В 1938 году эмиграция торжественно отпраздновала 35-летие епископского служения владыки Евлогия. Интеллигенция и весь «эмигрантский народ» говорили тогда о заслугах этого необычного пастыря… Однако стареющий митрополит в ту пору становится слаб здоровьем, все чаще болеет. Невзгоды войны и новые русские беды окончательно выбивают у него почву из-под ног. После «большевистской» победы в войне, переполнившей его душу гордостью за Россию, он, как и старый Милюков, как Маклаков, как многие генералы, готов идти с повинной к коммунистам, забыть их преступления против религии и народа, не видеть и не ведать того, что происходит на родине. Слыша победные марши, он, как многие, готов объявить политику коммунистов «отвечающей интересам России»: «…национальные задачи могут выполняться неведомыми нам путями… Так хочется засыпать ров и скорее идти туда…» – говорит старенький митрополит. А уж как хочется забыть, что в этом засыпанном рву окажутся миллионы невинно замученных, в их числе и священники…
«Вселенская идея слишком высока, малодоступна пониманию широких масс народа, – говорит теперь митрополит. – Дай Бог утвердить его в национальном православии… Национальность (точнее, народность) это голос крови, зараженной первородным грехом, а пока мы на земле, мы несем следы этого греха и не можем стать выше него… Но будучи убежденным националистом, т. е. верным и преданным слугой своего народа, я, конечно, отвергаю тот звериный национализм, который проявляют теперь немцы по отношению к евреям, равно как, будучи православным, я чужд религиозного фанатизма…»

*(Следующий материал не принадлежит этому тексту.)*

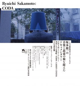 その教授を追ったドキュメンタリー映画が現在公開されています。スティーブン・ノムラ・シブル監督の『Ryuichi Sakamoto: CODA』。中央労働委員会の調査期日が少し早く終わったので,有楽町の映画館で最終上映を見てきました。CODAは音楽用語で“最終楽章”の意味。2014年に中咽頭がんの治療のため休養していた教授なので,ちょっとドキッとさせられるタイトルです。東日本大震災で津波を被り,音がくるってしまったピアノを愛おしそうに弾く教授を写した予告編を見ていたので,震災以降の彼の姿を追った映画なのかと思っていたのですが,YMO時代のちょっと尖がったインタビューやライブ映像,映画音楽制作の裏話,環境問題や原発について積極的な発言を続ける理由など40年間の活動全般を追った内容になっていて興味深く見ることができました。
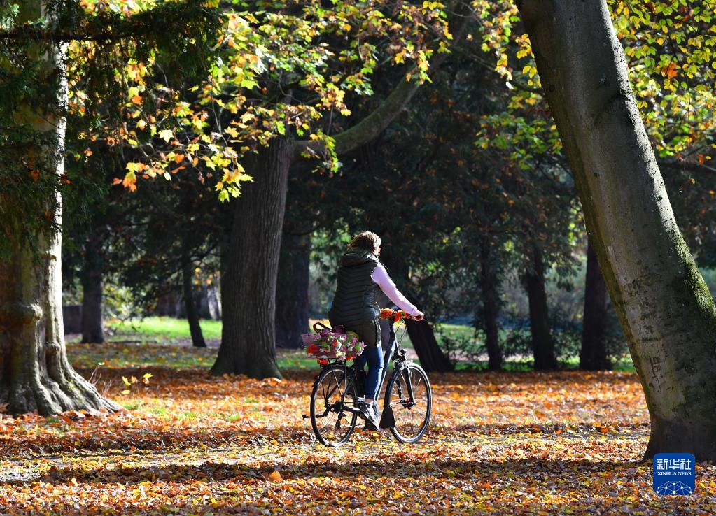 10月28日,在德國首都柏林,一名女子在樹林內騎行。
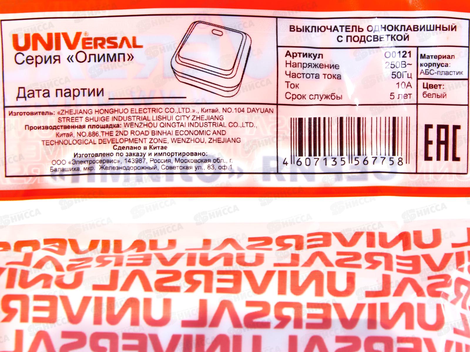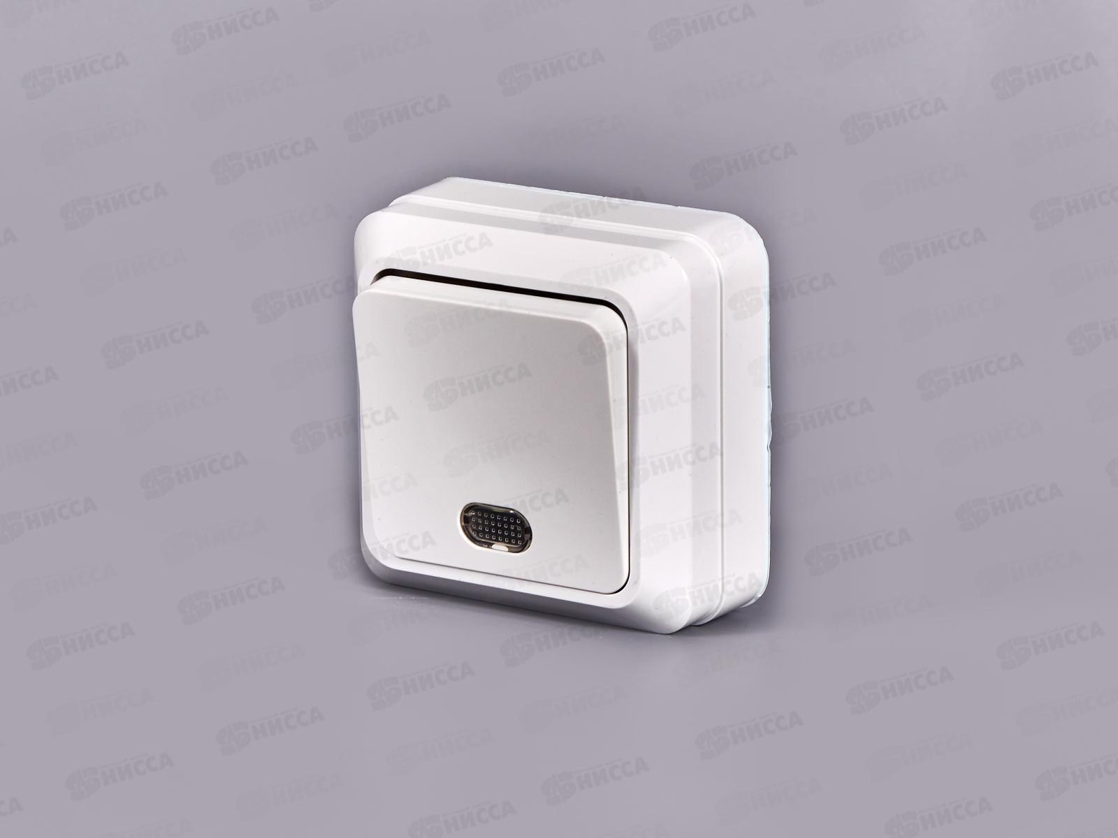 Выключатель ОЛИМП 1-клавиша открытой установки, 10А, 220В подсветка, белый, О0121 *10
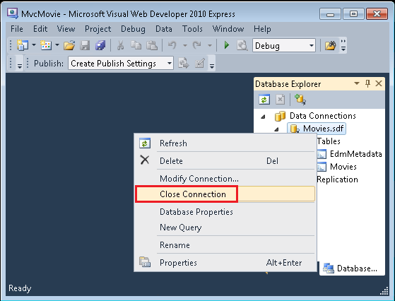 If you get an error when you double-click Movies.sdf, make sure you've installed Visual Studio 2010 SP1 Tools for SQL Server Compact 4.0. (For links to the software, see the list of prerequisites in part 1 of this tutorial series.) If you install the release now, you'll have to close and re-open Visual Web Developer.
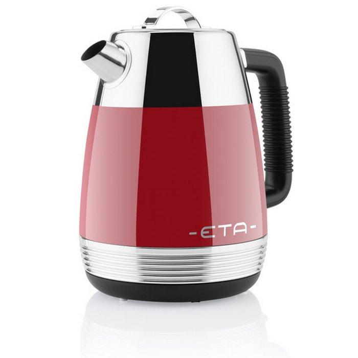 Červená nerezová kanvica ETA Storio o objeme 1,7 l s vyberateľným filtračným sitkom, svetelnou signalizáciou a unikátnym, ale moderným retro.
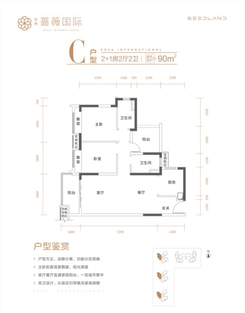 • 惠州实地蔷薇国际 9 0 ㎡-3房2厅2卫-90.00㎡
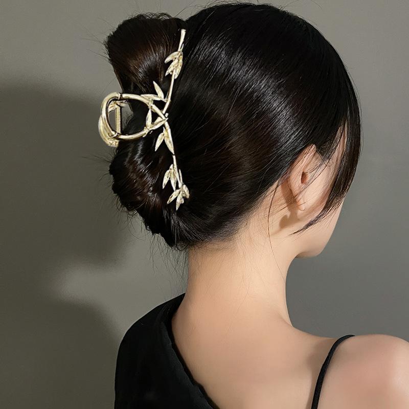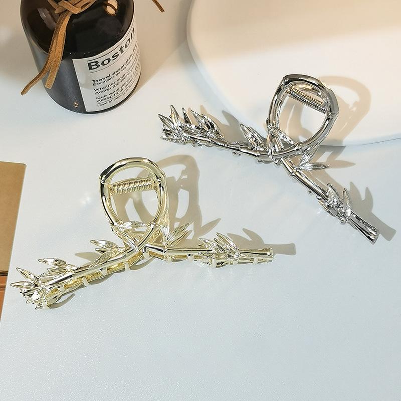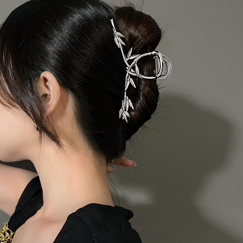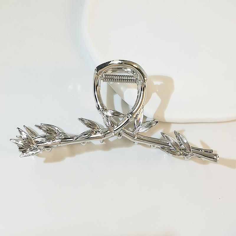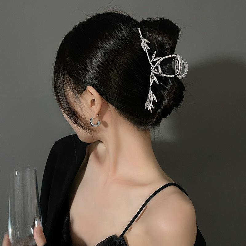 Horquilla de Bambú para el Cabello para Mujer Clip de Agarre Multimetal Sensación Avanzada Clip de Tiburón para el Cabello Pinza para el Cabello Horquilla Francesa plateada

Впрочем, все эти подробности его убеждений не интересовали московское начальство. Приехал из Москвы уполномоченный, и митрополит скрепил своей подписью переход под юрисдикцию Московской патриархии, еще раз расколов свою разборчивую паству: большинство эмигрантских приходов остались верны Вселенскому престолу. Самому же владыке еще и в немногие оставшиеся ему месяцы жизни стало ясно, что могучее и беззастенчивое государство снова поставило Церковь себе на службу. Контакты с таинственными посланцами Москвы могли наглядно убедить в этом старого митрополита… Оставалось утешаться мыслью, что мы, христиане, лишь странники и пришельцы на земле: «Не имеем здесь постоянного града, но ищем будущего» (Поел, к евр. 13, 14). Вскоре митрополит умер, а в памяти эмигрантских поколений остались два межвоенных десятилетия воистину свободного расцвета Православной Церкви в изгнании и симпатичный облик ее тогдашнего главы, высокопреосвященнейшего владыки Евлогия.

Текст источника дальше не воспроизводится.